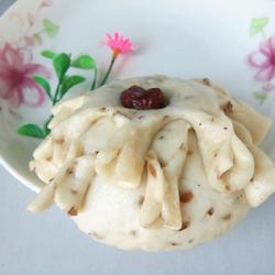 6.Take the dumpling skin and cover it on the round dough, press it down with dates and cut it into equal parts
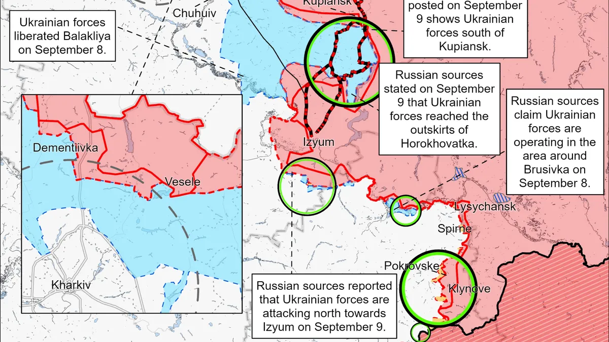Probleme pentru Ucraina: rușii se retrag mai repede decât pot forțele sale să avanseze și nu poate gestiona fluxul mare de prizonieri de război, arată mai mulți oficiali de la Kiev. Avansul forțelor Kievului a fost recunoscut și la televiziunile ruse, care au încercat să minimalizeze importanța orașelor pierdute și au susținut că forțele lor se retrag „în mod ordonat”.
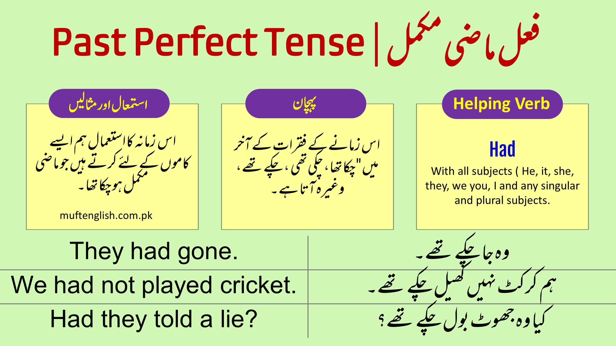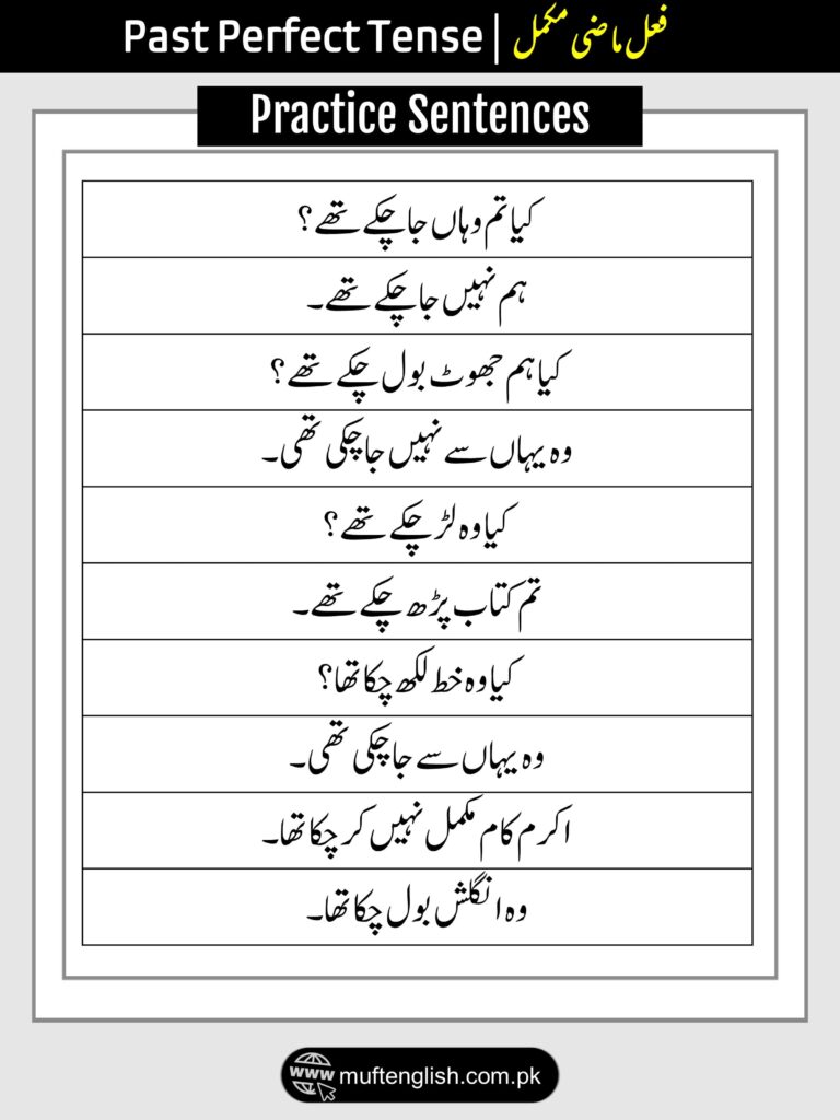 In this blog, you will learn about the past perfect tense in Urdu with many examples. Here you will understand how to use this tense grammatically, you will know this tense with proper structures, and at the end of this blog, you can get the pdf lesson.
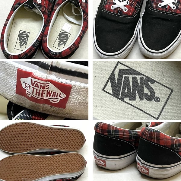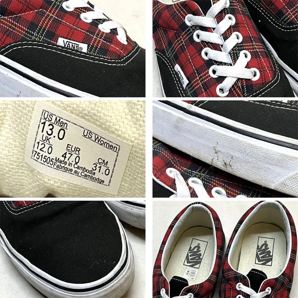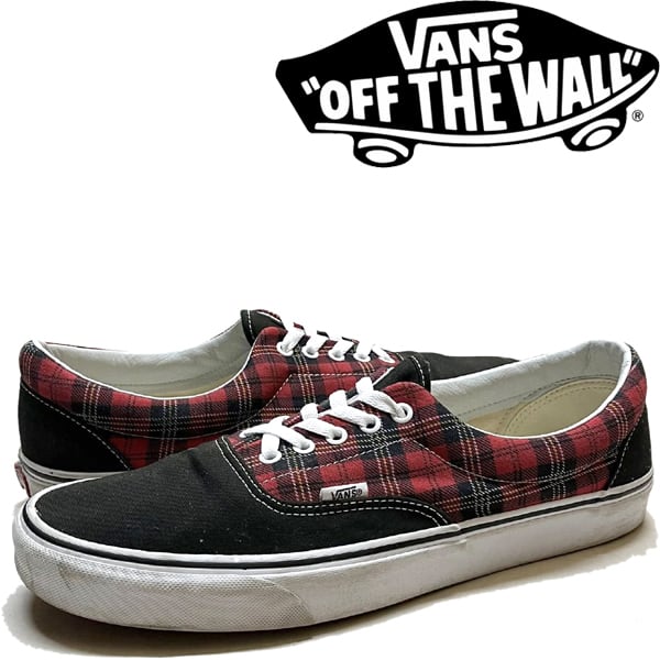 1点物◆バンズVANSエラERAチェック柄スニーカー古着13メンズ31レディースOKアメカジ90sストリートSK8スケートUSAブランド中古くつ赤363522
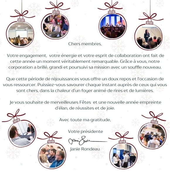 Les inscriptions aux formations 2026 débuteront dans la semaine du 15 décembre! Nous travaillons en collaboration avec la Fédération québécoise des municipalités (FQM) qui a mis sur pied un tout nouveau portail d’inscription à la fois moderne et convivial. Vous recevrez bientôt un courriel avec tous les renseignements au sujet des formations, la façon de se connecter, le tarif préférentiel et plus encore! Entre-temps, prenez connaissance des dates des différentes sessions et formations qui répondent à votre parcours pour les mettre à votre agenda et prévoir le budget. Au plaisir de vous compter parmi nous!
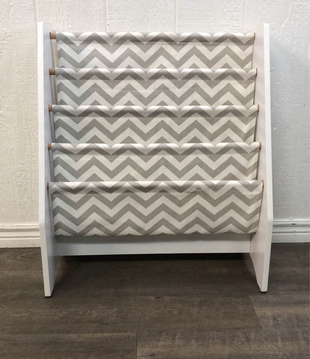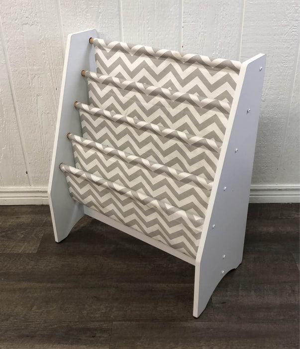 "This bookshelf displays children’s books with the covers facing out so little ones can easily select the books that interest them and put them away by themselves too! The fabric sling design keeps books protected."
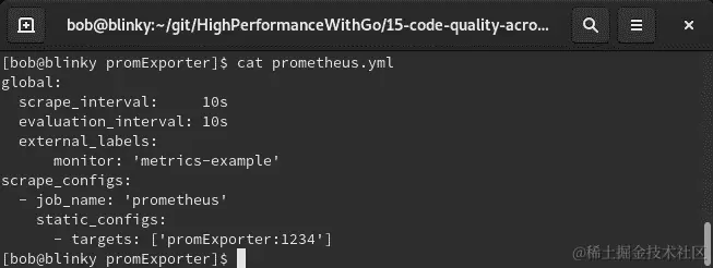 如果您想要使用除了 docker 主机之外的 IP 地址或主机名,您可以在 YAML 的scrape_configs->static_configs->targets部分中用 IP 地址或主机名替换promExporter。
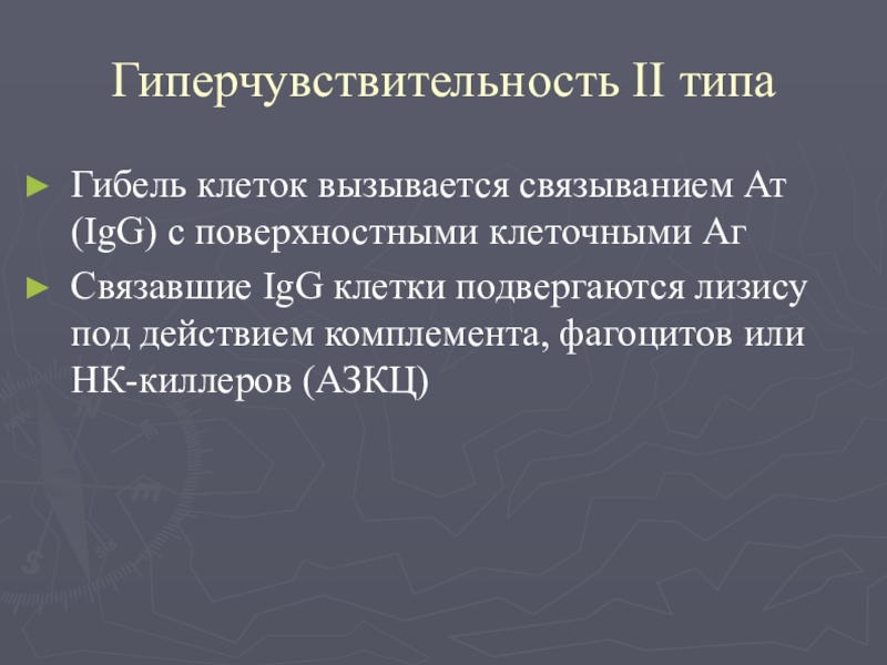 Гиперчувствительность II типаГибель клеток вызывается связыванием Ат (IgG) с поверхностными клеточными АгСвязавшие IgG клетки подвергаются лизису под
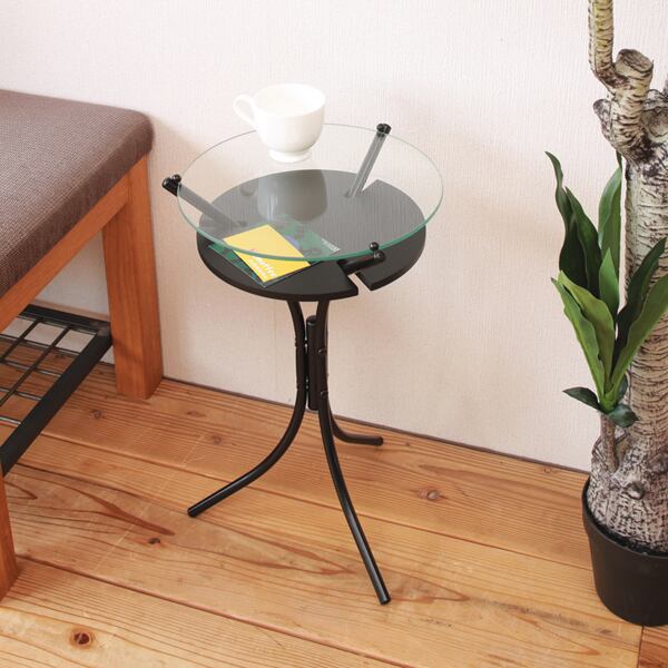〇スタイリッシュなガラス天板のサイドテーブル。
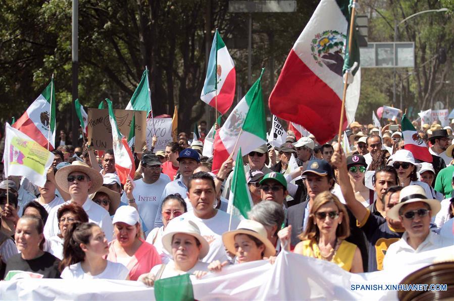 MEXICO, 12 feb (Xinhua) -- Miles de mexicanos marcharon hoy domingo por Paseo de la Reforma, la avenida más emblemática de la Ciudad de México, para protestar contra las políticas migratorias y comerciales del presidente de Estados Unidos, Donald Trump.
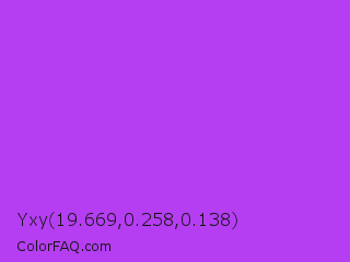 Yxy 19.669,0.258,0.138 Color is a normal purple color and the nearest color is Veronica #a020f0. Hex code #b53ef2 and RGB value is rgb(181,62,242). In RGB color space, this color is composed of 71% red, 24% green, 95% blue, In CMYK color space, this color is composed of 25% cyan, 74% magenta, 0% yellow , 5% black , In HSL color space, this color has a hue angle of 280° , 87% saturation and 60% lightness.
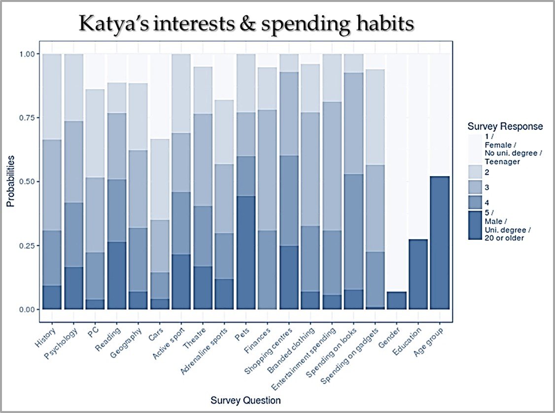 - “Katya” is female and spends selectively. She’s interested in beauty products and name-brand clothes but won’t spring for computers or gadgets.

[Exercise details]:
When pictures appear in the records above, leave them out and reproduce exactly each line from the first through the line containing "Probleme pentru Ucraina: rușii", both included.

[Task result]:
 6.Take the dumpling skin and cover it on the round dough, press it down with dates and cut it into equal parts
Probleme pentru Ucraina: rușii se retrag mai repede decât pot forțele sale să avanseze și nu poate gestiona fluxul mare de prizonieri de război, arată mai mulți oficiali de la Kiev. Avansul forțelor Kievului a fost recunoscut și la televiziunile ruse, care au încercat să minimalizeze importanța orașelor pierdute și au susținut că forțele lor se retrag „în mod ordonat”.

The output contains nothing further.